Clause 8 replaces the cross-heading above section 29AA so that it fits the amended provisions below it.

Clause 9 repeals section 30A, which has been overtaken by the new provisions about plain packaging. New section 31A(1)(b) effectively bans the retail sale of all loose cigarettes. Under new section 39A(3), the related regulations must not permit packages of cigarettes or loose tobacco below the quantities banned by existing section 30A.

Clause 10 inserts new section 31A. The new section is the main provision about plain packaging. It requires that a tobacco product comply with regulations and, if sold or offered for sale, that the product be contained in a package and be packaged in a quantity that complies with regulations. It also requires that the package for a tobacco product comply with section 32(1) (which relates to messages and information), allows the restricted display of a brand or company name on the package, and requires that the package comply with regulations in all other respects.

Clause 11 amends section 32. The amended provision applies to packages for tobacco products at all times (not just when the products are sold). It widens the types of messages, pictures, and information that can be required on packages. They may now relate to the harmful health, social, or economic effects, or other harmful effects, of using the product or to the beneficial effects of stopping the use of the product or of not using the product.

Clause 12 amends section 32AA. It widens the types of messages, pictures, and information that can be required on packages containing herbal smoking products in the same way as for tobacco products.

Clause 13 amends section 36 to increase the maximum fines for certain offences and to impose different maximum fines depending on whether the person is—

  • a manufacturer, an importer, or a distributor ($600,000); or

  • a large retailer ($200,000); or

  • anyone else ($50,000).

The clause repeals section 36(7A), which is consequential on the repeal of section 30A. It also repeals section 36(9), which is covered by new section 36AA.

Clause 14 inserts new sections 36AA and 36AAB.

New section 36AA creates an offence in respect of plain packaging of tobacco products.

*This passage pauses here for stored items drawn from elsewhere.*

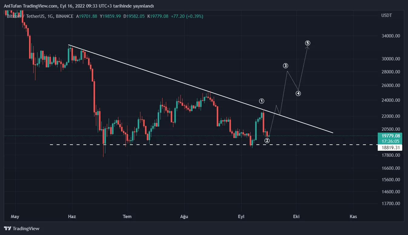 18.800 dolarda 22.700 dolara gelen yükselişte elliot’un 1. dalgasını, bu yükseliş sonrasındaki çöküşte ise 2. dalgayı tamamladığı tahmin edilen Bitcoin’in yeni hedef noktası 26 bin dolar seviyeleri olabilir.
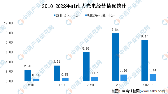 2021年,南大光電實現營業收入9.84億元,同比增長65.46%;歸母淨利潤達(dá)1.36億元,同比增長56.55%。2022年上半年實現(xiàn)營業(yè)收入8.47億元,歸母淨利潤1.44億元。
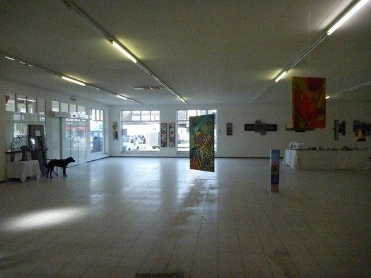 Kunterbunt oder erdig, vernagelt, gespachtelt oder lackiert, alles was das Künstler- und Liebhaberherz höher schlagen lässt, ist zu besichtigen und natürlich auch zu kaufen. Gut 80 Werke warten auf Betrachtung und Käufer, ungewöhnliche Werke von ungewöhnlichen Künstlern, an einem vom Konsum verlassenen Ort.
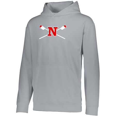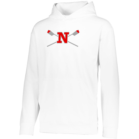5.9 ounce 100% polyester performance wicking fleece; Wicks moisture; Tear away label; Self-lined hood with drawcord on Adult sizes only; Set-in sleeves; Front pouch pocket; Self-fabric cuffs and bottom band
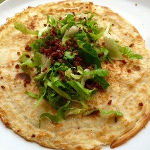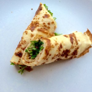 Een restje andijvie rolde ik met de elandworst kruim en een lik mosterd met dille in een pannenkoek. Smikkelen en smullen maar! Wederom een Hollands gerecht met een Zweeds tintje.
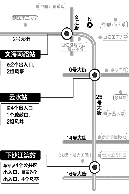 文海南路站、云水站和下沙江滨站,它们就是地铁1号线下沙延伸段的三个站点。昨天这三个让许多人翘首以盼了很久的站点,终于有了消息——
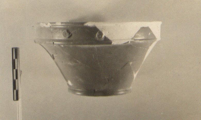 | Description: | Most of the floor, part of the wall, and about three-quarters of the rim restored in plaster. Ring foot, slightly concave side wall, and straight keeled rim with a double spiral in relief. Western Sigillata. | |
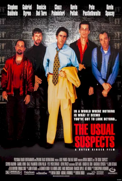 Skrevet af Christopher McQuarrie og instrueret af Bryan Singer, The Usual Suspects er en mysteriefilm med Stephen Baldwin, Kevin Spacey og Benicio del Toro. Plottet udspiller sig under et forhør, hvor en svindler taler med efterforskerne om, hvad der skete, idet han er en af kun to mænd, der overlevede en massakre i havnen i Los Angeles.
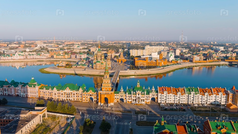Йошкар-Ола, Россия.Центр города на утреннем свете.Набережная реки Малая Коксага, вид с воздуха

An offence is committed by—

  • a person who manufactures, distributes, sells, offers for sale, or otherwise supplies a tobacco product knowing that the product contravenes the relevant requirements:

  • a person who distributes, sells, offers for sale, or otherwise supplies a tobacco product in a package knowing that the package contravenes the relevant requirements:

  • a person who does certain things in relation to a package for a tobacco product knowing that the package contravenes the relevant requirements.

The maximum fines are the same as those in the amendments to section 36. There is an exception for certain exports, but the defendant must prove that the exception applies.

New section 36AAB creates a presumption that a defendant (who is not a manufacturer, an importer, or a distributor) is a large retailer. The defendant can rebut the presumption by raising evidence to the contrary.

Clause 15 amends section 38A to include as an infringement offence an offence against new section 36AA (which relates to contravening plain packaging requirements). The infringement offence has no mental element. The clause removes the existing section 38A(j), which is consequential on the repeal of section 30A.

Clause 16 amends section 39 to remove from a regulation-making power aspects that relate to packages for tobacco products. Those aspects are now covered by new section 39A. The clause also clarifies the regulation-making power relating to photographs and pictures for herbal smoking products. Some redundant subprovisions are also repealed.

Clause 17 inserts new section 39A. The new section allows regulations to be made that relate to plain packaging. The regulations can impose requirements or permit options for tobacco products and for packages for tobacco products. Most of the provisions relate to restrictive requirements about the appearance of the products and packages. Appearance is defined to include anything that may affect a person's senses.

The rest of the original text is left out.